RECORDS SUPPLIED section start

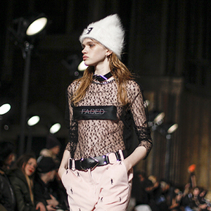 一般情况下,暴露都遵循着只透半身的铁则,即无袖上衣一般就搭配长裙长裤。但是在王大仁的这一个秋冬系列,我们可以看见他用不同面料和结构,把透视设计出了叛逆清新的感觉。
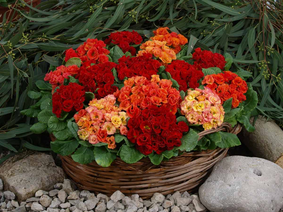 Это самая красивая группа примул ушковых, к тому несложных в выращивании. Сортимент представлен крупноцветковыми сортами оранжевой, пурпурной, лиловой, темно-вишневой, розовой, лимонной окраски. В цветочных магазинах продаются сортовые семена этой группы.
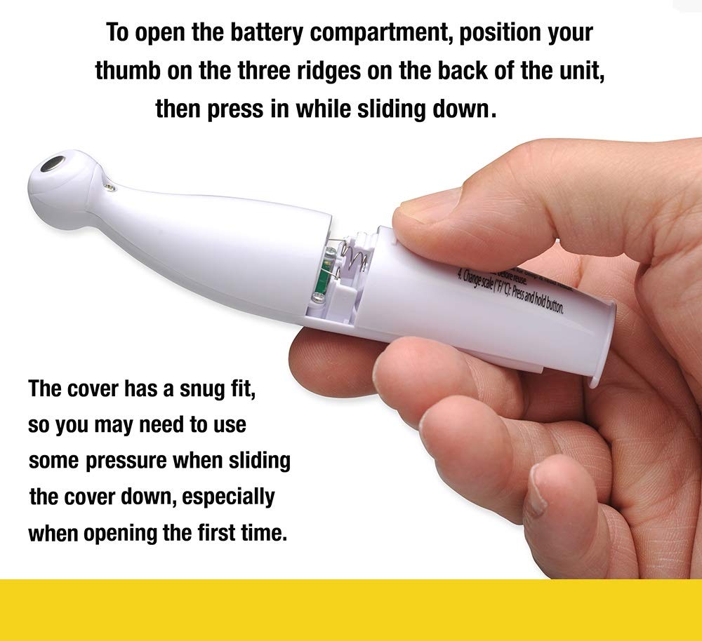 Non-invasive forehead temperature measurement using patented conductive technology delivers clinically accurate readings in about 6 seconds. Reduces the risk of cross contamination and avoids the need for costly probe covers. Ideal for the hospital, clinic, or physician office. Auto off function conserves battery life. Audible tone when measurement is complete. Last reading memory. Dual scale ( degree-F/ degree-C). Uses 2 AAA batteries (included).
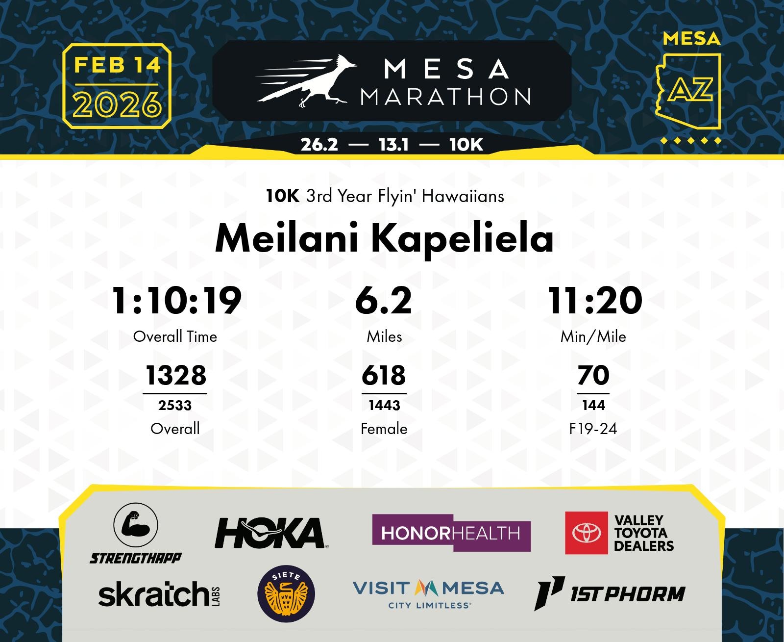 Date: Feb. 14, 2026 Participant: Meilani Kapeliela #18822 Race: 2026 Mesa 10K Distance: 6.2 miles
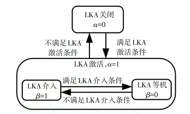 图 3 中的状态决策策略如图 4 所示,LKA 系统具有关闭、待机和介入 3 种状态,状态的转换根据 LKA 激活条件和介入条件判断进行。定义激活条件系数 α 和介入条件系数 β,辅助系数 γ 为 α 和 β 的逻辑与,即开启条件和介入条件同时满足时,取 γ=1(介入状态),否则取 γ=0(非介入状态),γ 直接影响车道保持辅助控制器输出的力矩。

RECORDS SUPPLIED section end

Copy out the lines above from the line containing "Это самая красивая" through the line containing "Date: Feb. 14, 2026", exactly, and keep the pictures out.

 Это самая красивая группа примул ушковых, к тому несложных в выращивании. Сортимент представлен крупноцветковыми сортами оранжевой, пурпурной, лиловой, темно-вишневой, розовой, лимонной окраски. В цветочных магазинах продаются сортовые семена этой группы.
 Non-invasive forehead temperature measurement using patented conductive technology delivers clinically accurate readings in about 6 seconds. Reduces the risk of cross contamination and avoids the need for costly probe covers. Ideal for the hospital, clinic, or physician office. Auto off function conserves battery life. Audible tone when measurement is complete. Last reading memory. Dual scale ( degree-F/ degree-C). Uses 2 AAA batteries (included).
 Date: Feb. 14, 2026 Participant: Meilani Kapeliela #18822 Race: 2026 Mesa 10K Distance: 6.2 miles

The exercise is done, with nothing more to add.